Olivia Estrada, a 36-year-old mother of four, said she collapsed after driving herself to the hospital.

NAMPA, Idaho — As the number of COVID-19 cases continues to rise daily across Idaho, Idaho healthcare leaders on Tuesday voiced their concerns that the growing caseload and could soon overwhelm the local hospital system.

A Nampa woman knows exactly what it's like to be hospitalized and fighting for her life due to coronavirus and she has a message for those who are not taking the pandemic seriously. 

Olivia Estrada described the near-death experience as a terrifying ordeal.

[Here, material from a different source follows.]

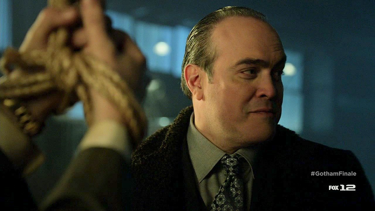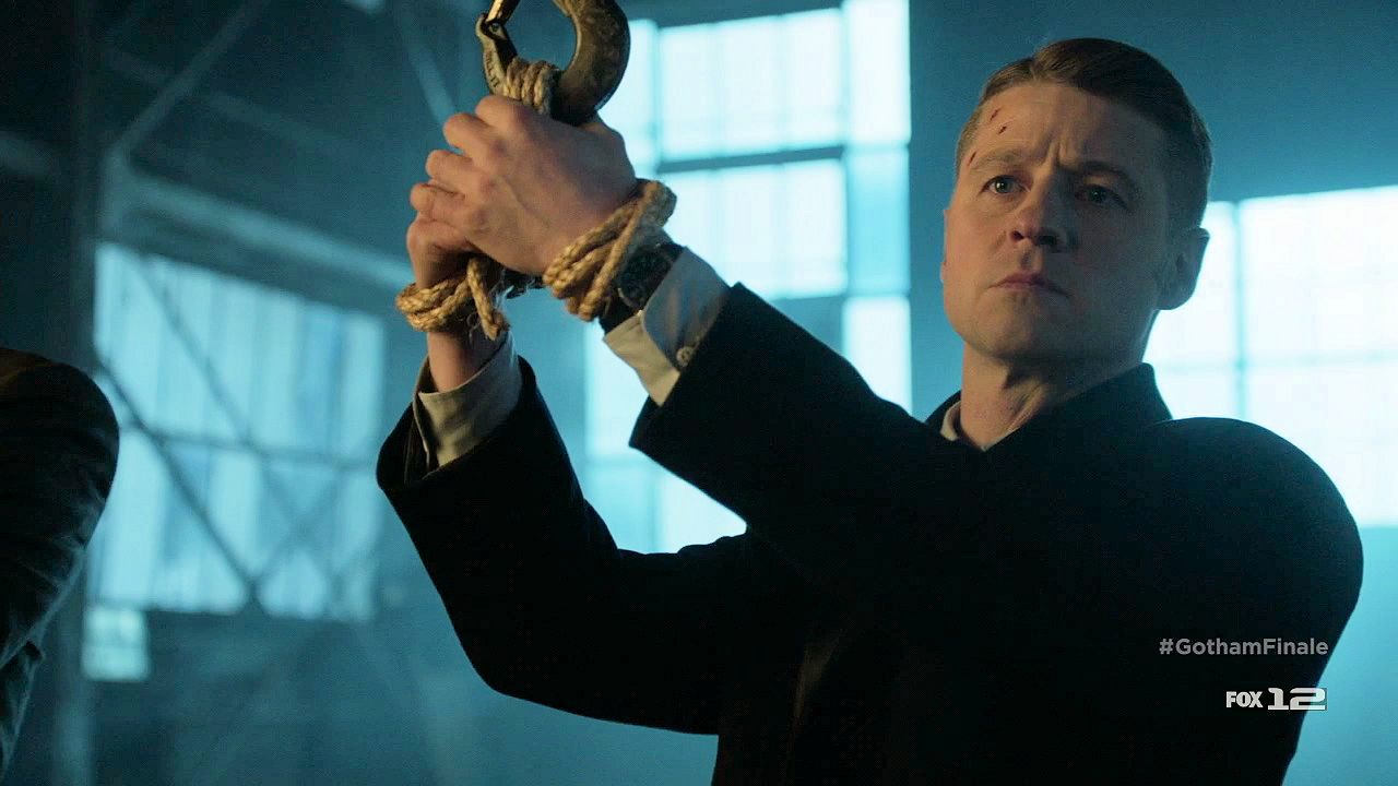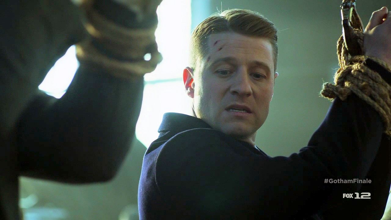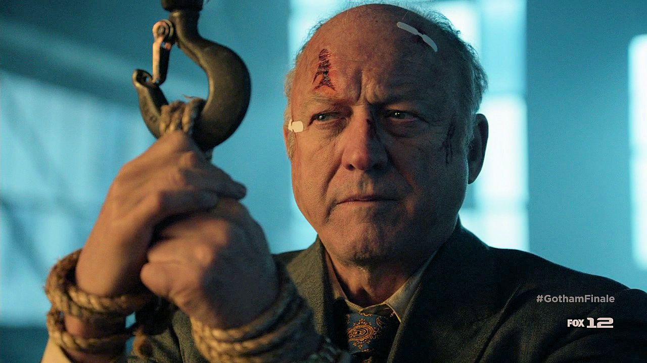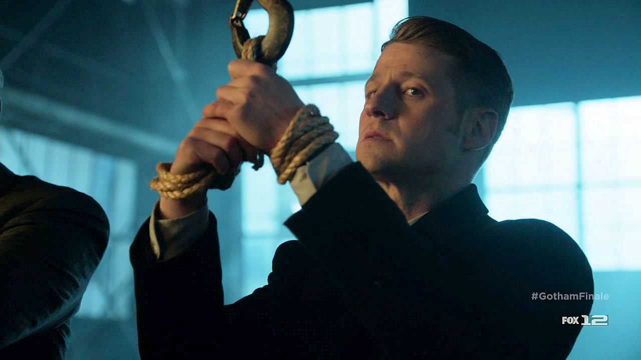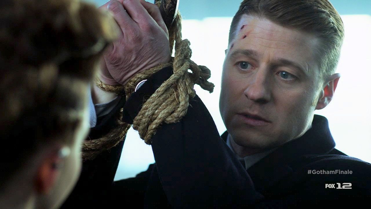 Gordon, Bullock, Oswald and Falcone are captured and tied up by Fish. (Anna Karenina it ain't.)

The 36-year-old mother of four said she started to feel feverish on June 20, the day before Father's Day. She went and got tested, and got confirmation that she had COVID-19 three days later.

One week after her initial symptoms started, Estrada couldn't catch her breath. So she called her mom, then drove herself to the hospital.

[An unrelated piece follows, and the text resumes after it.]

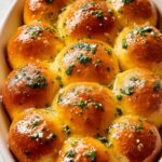 These Garlic Butter Dinner Rolls are soft, fluffy, and infused with rich garlic and parsley butter, making them the perfect accompaniment to any meal. Made with simple ingredients and an easy kneading process, these rolls rise twice for a light texture and are baked to a golden perfection before being brushed with aromatic garlic butter.

"I got to the hospital and by that time I'm cold and I'm hot and, and I told the lady 'help, I need help, I feel like I'm dying,'" Estrada said.

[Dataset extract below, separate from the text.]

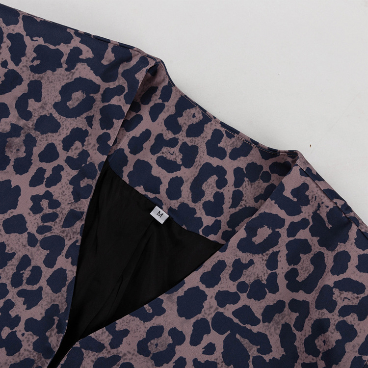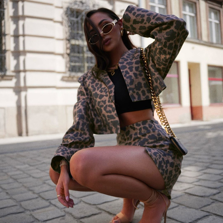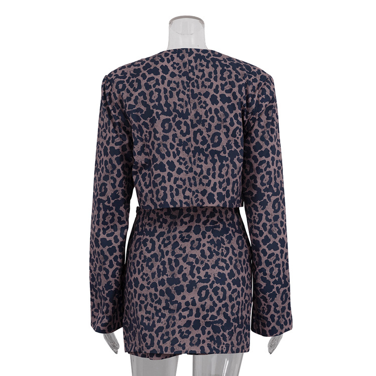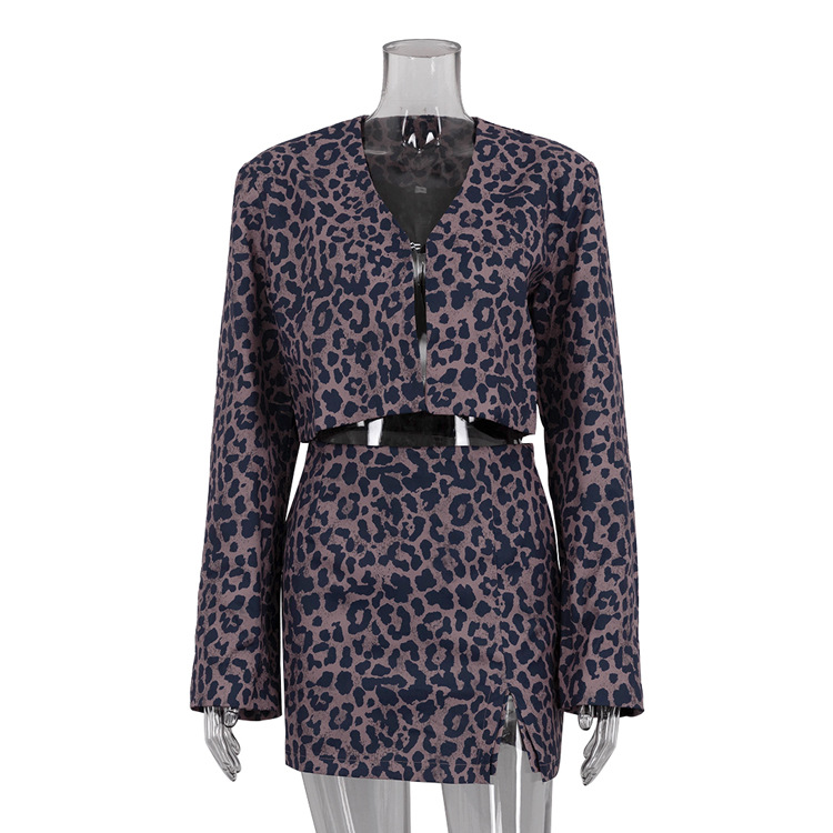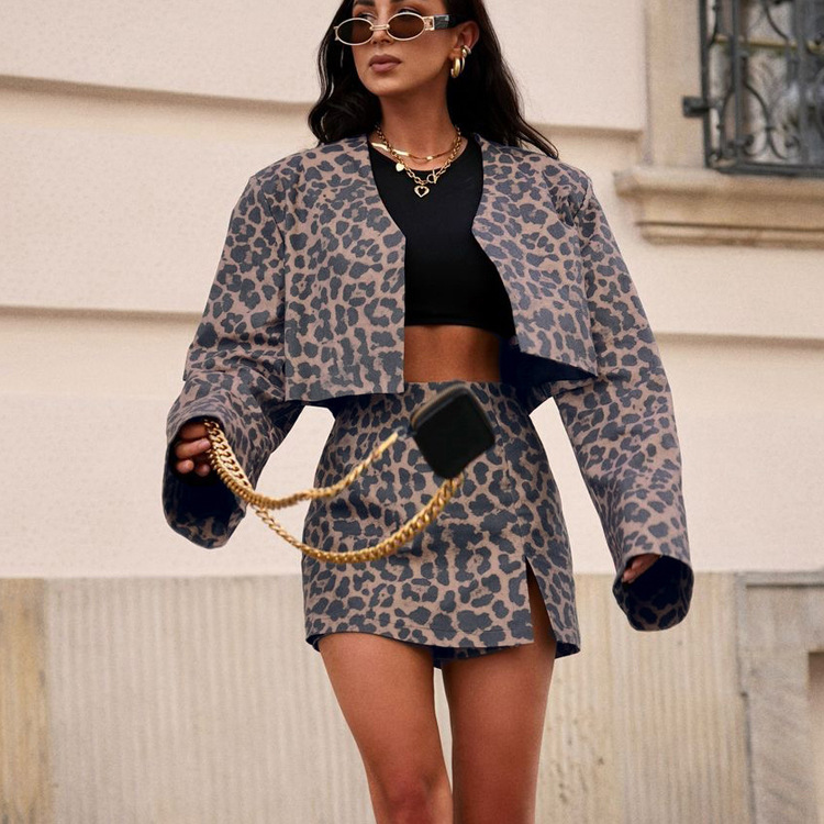 BKQU 2 Pieces Fashion Leopard Print Skirts Sets Women Long Sleeve Crop Jacket And High Waist Side Slit Mini Skirts Outfits 2025

She collapsed and when she woke up several hours later she was in an ambulance being taken to an ICU In Boise.

"I stopped breathing and I remember they were giving me oxygen," she said.

Estrada spent nearly a week in the hospital, but due to the highly contagious nature of the coronavirus she was unable to have visitors.

"I was scared, honestly," she said. "I was scared because usually my mom comforts me. My family couldn't go up, nobody could go up. I was by myself, I was crying, just like what am I doing here? I couldn't believe it."

After six days in the ICU, Estrada is now back home recovering. Some symptoms, like headaches, continued for about a week and a half after being released from the hospital.

She told KTVB the experience with COVID-19 taught her an important lesson.

"If I'd known it would have hit me like this I probably wouldn't have been so careless," she said. "But then again as deadly as coronavirus is, it saved my life honestly because I was in a bad spot."

Estrada said before she was hospitalized, she used methamphetamine. She stopped the day before she was diagnosed, and actually credits the virus with saving her life.

"I'm not going to lie, I was in a bad spot and it saved my life, the virus saved my life," she said.

"You know just talking like this, feeling a little out of breath, but to be able to tell my story to tell people how important it is....just so people can hear that it is important, it is important," she added. "Now I'm telling people [to] wear a mask, like wear a mask."